* _Task item_: An exact copy of every record below is needed, with the pictures left out.

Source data
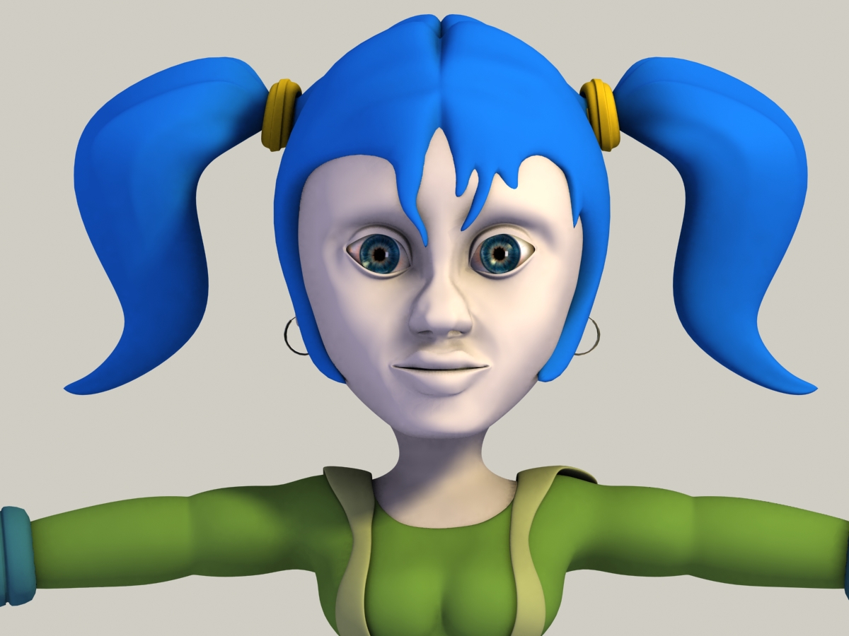 Si es fea sí, y los ojos rojos se los puse a posta, me encanta putear un poco a los bichos que hago (experimentos sobre todo, ya que entero este es el primero que hago) pero vamos, falta retocar un poco la cara, le falta la parte delantera del pelo, que no tiene esa cacho frente. Y algunos retoques, tomo nota de vuestras indicaciones. Gracias.
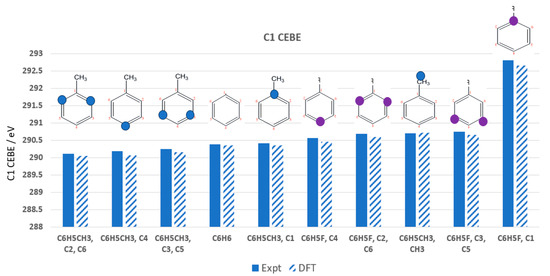 Comparison of C1s CEBEs of the mono-substituted benzenes (toluene and florobenzene) with respect to their corresponding measured C1s energies (eV) (RMSD = 0.0897 eV).
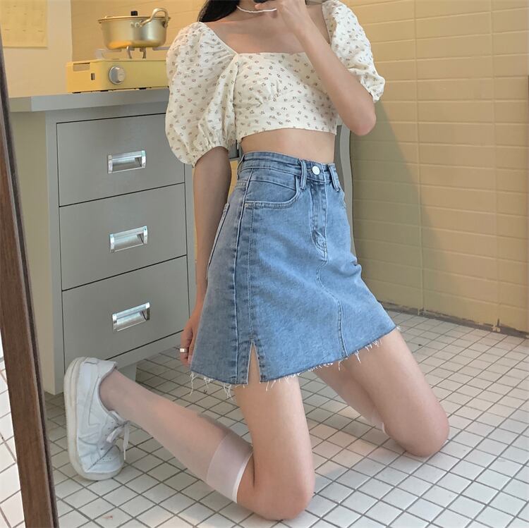 スカート ハイウェストウェストサマースタンダード薄手Aラインショート レトロ 夏物 kumikum47508730170
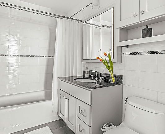 Unit 5H greets you with an open living and dining floor plan and oversized windows that invite sunlight all day long. A substantial kitchen workspace with silestone quartz countertops and recently purchased Bosch dishwasher, combined with lengthy bar seating allows for a flexible living/dining layout and is perfect for entertaining. The generously sized, river-facing bedroom enjoys a giant walk-in closet with custom shelving. Situated next to the living room is a comfortable home office, providing a clean separation from sleeping quarters. The renovated bathroom is complete with a deep soaking tub and storage vanity, and is delineated by a transitional hallway with an Asko washer, recently replaced Bosch dryer, and linen closet. There is a new PTAC unit in the living room, all new windows recently installed, as well as new trim around windows and doors,
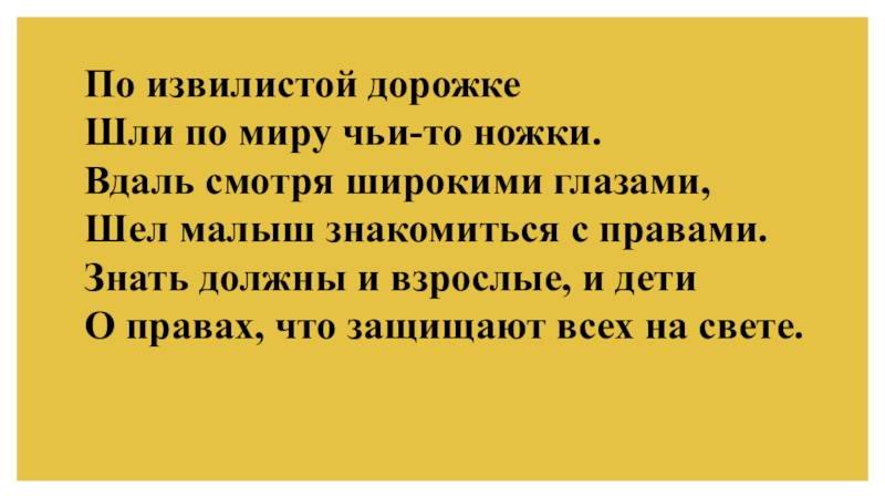 По извилистой дорожке  Шли по миру чьи-то ножки.  Вдаль смотря широкими глазами,  Шел малыш знакомиться с правами.  Знать должны и взрослые, и дети  О правах, что защищают всех на свете.

* _Answer area_:
 Si es fea sí, y los ojos rojos se los puse a posta, me encanta putear un poco a los bichos que hago (experimentos sobre todo, ya que entero este es el primero que hago) pero vamos, falta retocar un poco la cara, le falta la parte delantera del pelo, que no tiene esa cacho frente. Y algunos retoques, tomo nota de vuestras indicaciones. Gracias.
 Comparison of C1s CEBEs of the mono-substituted benzenes (toluene and florobenzene) with respect to their corresponding measured C1s energies (eV) (RMSD = 0.0897 eV).
 スカート ハイウェストウェストサマースタンダード薄手Aラインショート レトロ 夏物 kumikum47508730170
 Unit 5H greets you with an open living and dining floor plan and oversized windows that invite sunlight all day long. A substantial kitchen workspace with silestone quartz countertops and recently purchased Bosch dishwasher, combined with lengthy bar seating allows for a flexible living/dining layout and is perfect for entertaining. The generously sized, river-facing bedroom enjoys a giant walk-in closet with custom shelving. Situated next to the living room is a comfortable home office, providing a clean separation from sleeping quarters. The renovated bathroom is complete with a deep soaking tub and storage vanity, and is delineated by a transitional hallway with an Asko washer, recently replaced Bosch dryer, and linen closet. There is a new PTAC unit in the living room, all new windows recently installed, as well as new trim around windows and doors,
 По извилистой дорожке  Шли по миру чьи-то ножки.  Вдаль смотря широкими глазами,  Шел малыш знакомиться с правами.  Знать должны и взрослые, и дети  О правах, что защищают всех на свете.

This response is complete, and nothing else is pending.